Both are optional polish; the plan recommends adding them in 5c.

Open questions

  1. VHDX cache buffer placement. Two MAX_SECTOR_SIZE buffers are needed for VhdxState::init. Reusing the first two sector-sized chunks of CREATE_SCRATCH (which is unused during the backing-header lookup) is the simplest path; the alternative is reserving a dedicated VHDX scratch region in shared/lib.rs. Recommend: reuse CREATE_SCRATCH and document the lifetime constraint (lookup must complete before plan_*).

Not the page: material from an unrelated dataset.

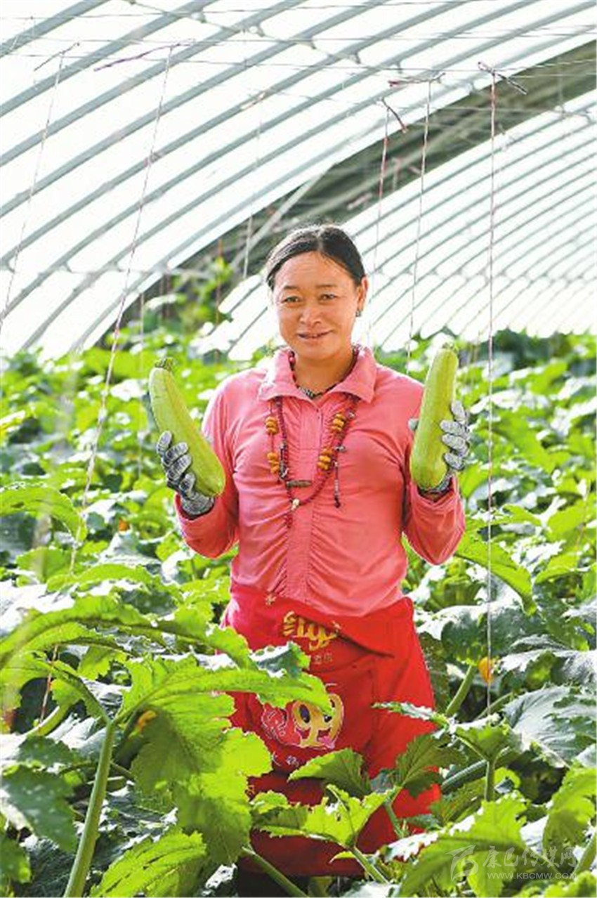 近日,在鄧瑪農業(yè)觀光產(chǎn)業(yè)科技示范園內工作的村民展示剛摘下的西葫蘆。 四川日報全媒體記者 楊樹 攝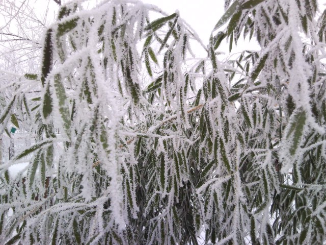 Kezdéskor a bambuszon nem semmi zúzmarát találtam:

  2. What if the user passes -F vhdx but the file isn't actually vhdx? Phase 2e currently uses detect_format_from_header on the first sector, ignoring the user-supplied -F hint entirely. That's actually a defensible policy — auto-detect is more reliable than user input. Recommend: keep auto-detect; treat -F purely as a hint for the metadata embed and as the "without -F we refuse to open" gate. Document this asymmetry in docs/quirks.md when phase 11 ships the docs.

  3. VMDK parentCID for non-vmdk backings. If a user does instar create -f vmdk -b parent.qcow2 -F qcow2 child.vmdk, parentCID has no source. Recommend: use the existing sentinel (deadbeef) and document the limitation. Most vmdk-with-qcow2-backing setups don't exist in practice.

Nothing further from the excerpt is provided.